Ask the Experts
Sustainability: What is it & why does it matter to FMs?
Sustainability continues to be an emphatic theme throughout facility management. FMs are compelled to explore, develop and identify ways and practices to propel the facility operation while delivering value to the various stakeholders in the FM framework.
When considering sustainability in the built environment, it is the stakeholder that has an interest in the success and solvency of the facility and promotes FM’s sustainable success.
The term stakeholders focuses on the building owners and the paying customers (in this case, tenants). Foundationally, a stakeholder is a person or entity that is directly or indirectly affected by the choices, decisions, successes and failures of an organization.
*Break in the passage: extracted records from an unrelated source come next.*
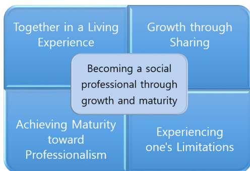
Fig. 2. College Students' Experiences on Community Service

참가자들은 대상자와의 대화 시에 어떻게 관계를 형성하고 풀어나가야 할지 어려움을 느끼기도 하였고, 봉사활동 시 자신의 지식과 경험으로 해결 할 수 없는 난감한 상황에 직면하기도 하였다. 이러한 상황에서는 함께 한 친구들의 도움을 받아 해결하기도 하였고, 다행히 교수자와 함께하는 봉사활동의 경우는 보다 전문적인 도움을 받아 해결할 수 있었다.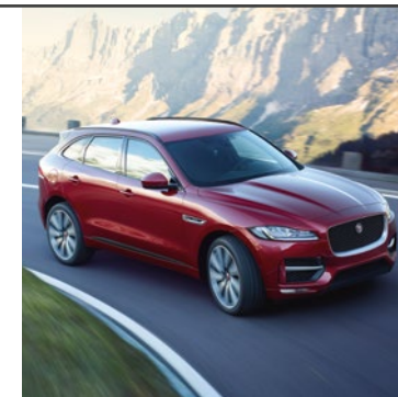
JAGUAR F-PACE 2016

Nezbytným předpokladem úspěšné evoluce je vysoký výkon. Nový Jaguar F-PACE ztělesňuje kultivovanou DNA značky Jaguar a nabízí legendární výkon, dechberoucí jízdní vlastnosti a zároveň jedinečný luxus. Proč nevyzkoušet náš osvědčený recept na to, jak obstát v evoluci?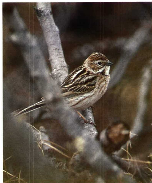
110 Pallas's Reed Bunting / Pallas' Rietgors Emberiza pallasii , female, Novaya river, Taimyr, Russia, July 1991 ( Arie Ouwerkerk )

Per Alström (in litt) has commented as follows: 'Since the colour of the lower mandible of male Pallas's Reed Bunting changes from pale pinkish in the non-breeding season to blackish in the breeding season (though in some individuals it remains pinkish), it seems possible that some females also get an all dark lower mandible in summer. I have not seen any females with all black lower mandibles, though I have seen many in late spring and summer with the lower edge of the lower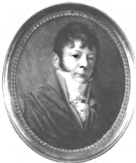
Графъ В. П. Кочубей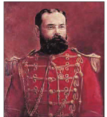
John Philip Sousa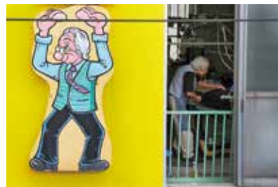
「看板息子」 by Miho Hirose©2014

HP： http://www004.upp.so-net.ne.jp/norikojima/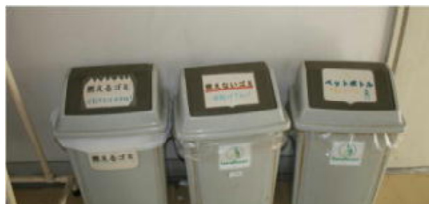
校内各所にゴミ箱を設置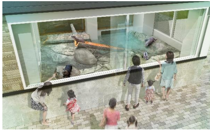
貸出画像「コツメカワウソ展示ブースイメージ」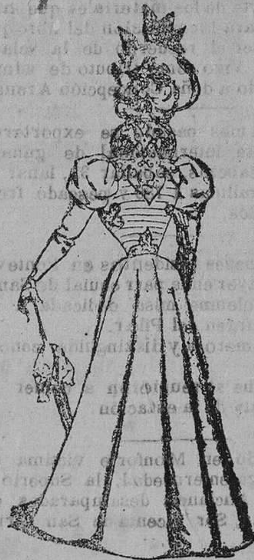
Traje para visita.

Modelos exclusivos para nuestras lectoras de los Grandes Almacenes de EL SIGLO, Barcelona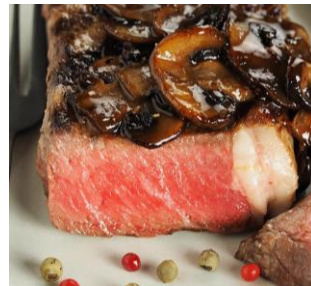
グラスフェッドビーフ サーロインステーキ 270g 1,260円

グラスフェッドビーフ（牧草飼育牛肉）は、穀物飼育牛に比べ高たんぱく・低脂肪。コレステロール値を下げ血液をさらさらする働きが注目される「オメガ3脂肪酸」や、アンチエイジング効果が期待できる「ビタミンE」などの栄養素が含まれています。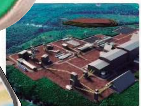
Lei proíbe presidente da Potássio de entrar em terra indígena no Amazonas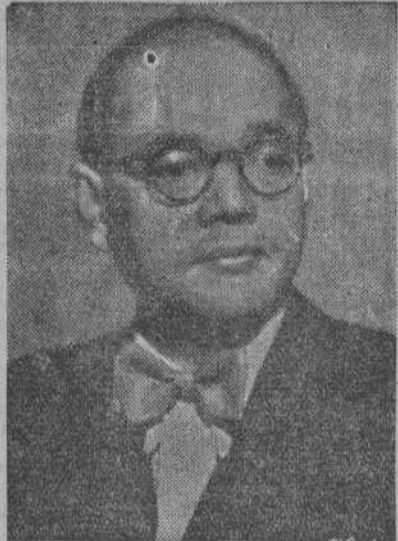
Recibo a Bose. Cuando le dije que había sido nuevamente aplazada la declaración en favor de la independencia india, a petición de los alemanes, se mostró muy decepcionado. Estima que estamos haciendo el juego al Japón, país que actuará por cuenta propia cuando le convenga, sin hacer caso para nada de los intereses del Eje. --Subbas Chandra Bose.

NOTICIAS ADELANTADAS DEL PACTO ALIADO 11 de junio.—"Bismarck telefona para decirme que hay rumores de una alianza entre Estados Unidos, Gran Bretaña y Rusia, y que Norteamérica ha prometido abrir un segundo frente contra los alemanes. (El pacto anglo-ruso por veinte años fué anunciado en Londres el 11 de junio). Es la inyección anglosajona para que los rusos no se derrumben. 12 de junio.—"Me dicen que uno de nuestros submarinos ha hundido por equivocación al vapor "Usodinare". 20 de junio.—"El general Carboni ha llegado a Roma para hablar de la invasión de Malta. Está convencido de que vamos a sufrir un desastre terrible. Los preparativos han sido infantiles y el material es poco eficaz o inútil. Las tropas de desembarco no desembarcarán nunca, y si lo hacen están condenadas a la destrucción. Estoy convencido de que no realizaremos este proyecto. (Efectivamente, no se llevó a cabo)."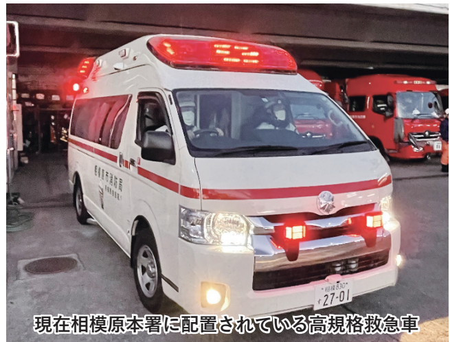
現在相模原本署に配置されている高規格救急車

救急資器材も進化 救急救命士が現場で実施できる処置の拡大に伴い、救急隊が扱う資器材も進化を遂げています。隊員は医療機関での研修や訓練により、知識と技術の習熟に努めています。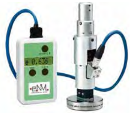
硬度试验机，只需简单的操作就能够精密测定各种物体的硬度

特に薄いフィルムに改良した、リチウム電池のセパレーター製造装置向け高性能カーボンクラッドロール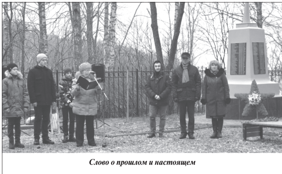
Слово о прошлом и настоящем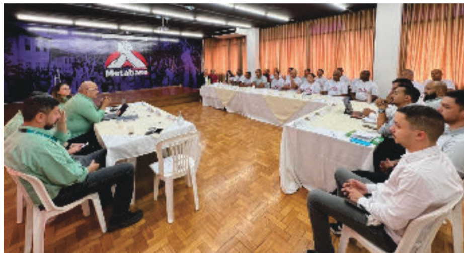
Primeira reunião entre Vale e sindicato para ajustar proposta azedou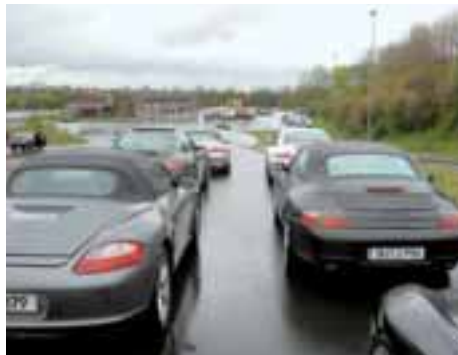
Vor dem Start: die Teilnehmerfahrzeuge in Reih und Glied.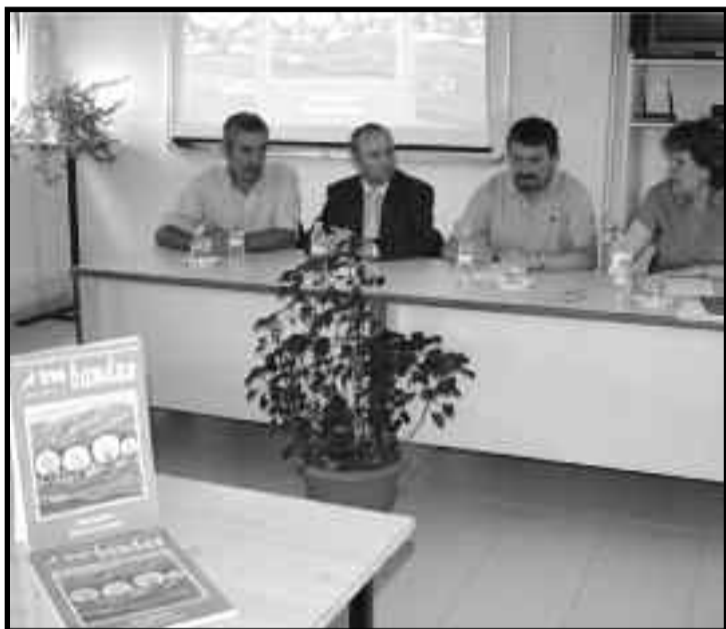
Presentación de la revista en el CPR de Teruel

Como siempre se incluye un monográfico que desarrolla distintos aspectos de una misma cuestión de interés para los maestros. En este caso se trata de las bibliotecas. "El departamento de Educación está haciendo verdaderos esfuerzos por po-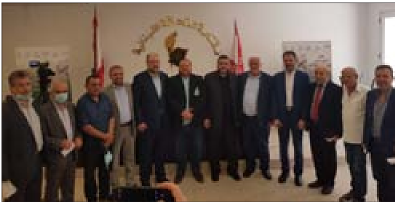
عدد من المشاركين في المؤتمر في نقابة الصحافة أمس

This means employees, vendors, contractors, suppliers; supporting organizations and the community are all stakeholders.
Sustainability must link the stakeholders and focus on three elements: Profits, People, Planet. Without these elements FM organizations and businesses would cease to flourish. This is particularly important while managing COVID-19 realities. The business models that were so reliable pre-pandemic raise questions of their relevance, suitability and reliability. Those business drivers may be less relevant and appropriate in this day. Considering how quickly attitudes and technologies change, the destiny of business is that much more uncertain.
Profit
Obviously, revenue and expenses are primary considerations in business. The revenue streams that historically drove business may not be as robust as expected during this pandemic era. This poses new questions: How do FMs
-
discover and create new revenue streams?
-
create new products and services that allow the built environment to drive new revenue opportunities? evaluate and embrace change in the way customers are using the built environment?
-
manage the reality of tenants engaging more in virtual work?
-
collaborate with tenants to create opportunities of innovation?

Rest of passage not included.